Born in Jundiaí, São Paulo, Veríssimo started his career at José Bonifácio's youth academy. He subsequently moved to Linense, being promoted to the main squad in the latter part of January 2013.

Shortly after being promoted to Linense's first team, Lucas Veríssimo joined Santos. Upon joining Santos FC, he was initially assigned to their youth setup. On 26 March 2015 he renewed his link, signing until April 2017.

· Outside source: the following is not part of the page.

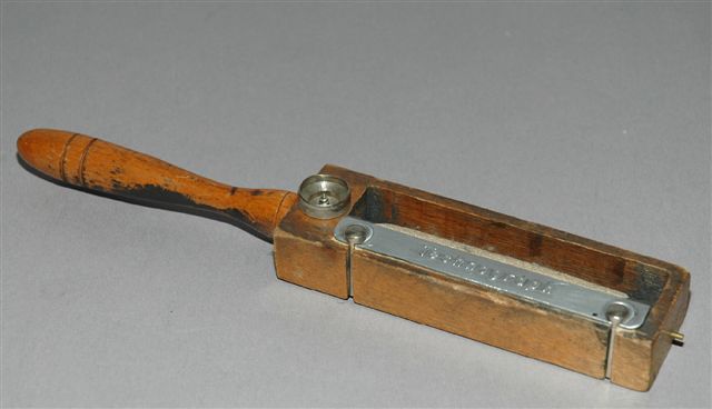 GRATTOIR en BOIS avec poignée, réservoir à déchets et emplacement pour une petite brosse essuie plumes et mines. Utilisé pour rénover le bec des plumes d'oie ou les mines de crayon graphite.

On 28 November 2015, profiting from Paulo Ricardo's suspension, Veríssimo was called up by manager Dorival Júnior for a Série A match against Vasco da Gama, but remained an unused substitute in the 0–1 away loss. On 30 December 2015 he was permanently promoted to the first team, due to squad shortage. He made his senior debut on 23 January of the following year, playing the full 90 minutes in a 2–2 friendly draw at Bahia.

Veríssimo made his professional debut on 30 January 2016, starting in a 1–1 Campeonato Paulista home draw against São Bernardo. On 2 March, after being a regular starter, he renewed his contract until December 2019.

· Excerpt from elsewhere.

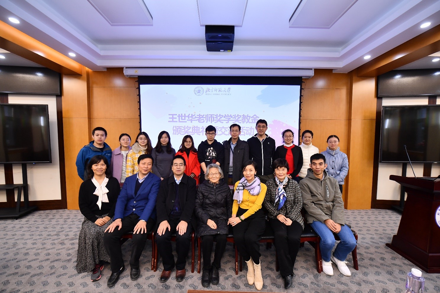颁奖典礼后,王世华先生为学院学生代表进行了交流报告,结合她自身的成长故事,寄语同学们,要珍惜现在的学习环境,树立自立自强的意识,戒骄戒躁,踏踏实实地做好科研,为祖国的发展贡献自己的力量!王老师设立“王世华奖学奖教金”是为了嘉奖和鼓励从事在固体化学研究领域做出出色工作的教师和学生,她鼓励所有同学在科研的路上锐意进取,创造更好的未来!

After David Braz's return from injury and the signing of Luiz Felipe, Veríssimo was demoted to fourth choice at the club. He only made his Série A debut on 14 September 2016, coming on as a late substitute for Lucas Lima in a 1–0 away win against Botafogo.

Veríssimo made his Copa Libertadores debut on 16 March 2017, starting in a 2–0 home win against The Strongest. He scored his first professional goal on 4 May, netting the winner in a 3–2 success over Independiente Santa Fe at the Pacaembu Stadium for the same competition.

On 18 July 2017, after becoming a regular starter as both starters Gustavo Henrique and Luiz Felipe were injured, Veríssimo renewed his contract until June 2022. He played his 100th match for the club the following 13 May, starting in a 3–1 home defeat of Paraná.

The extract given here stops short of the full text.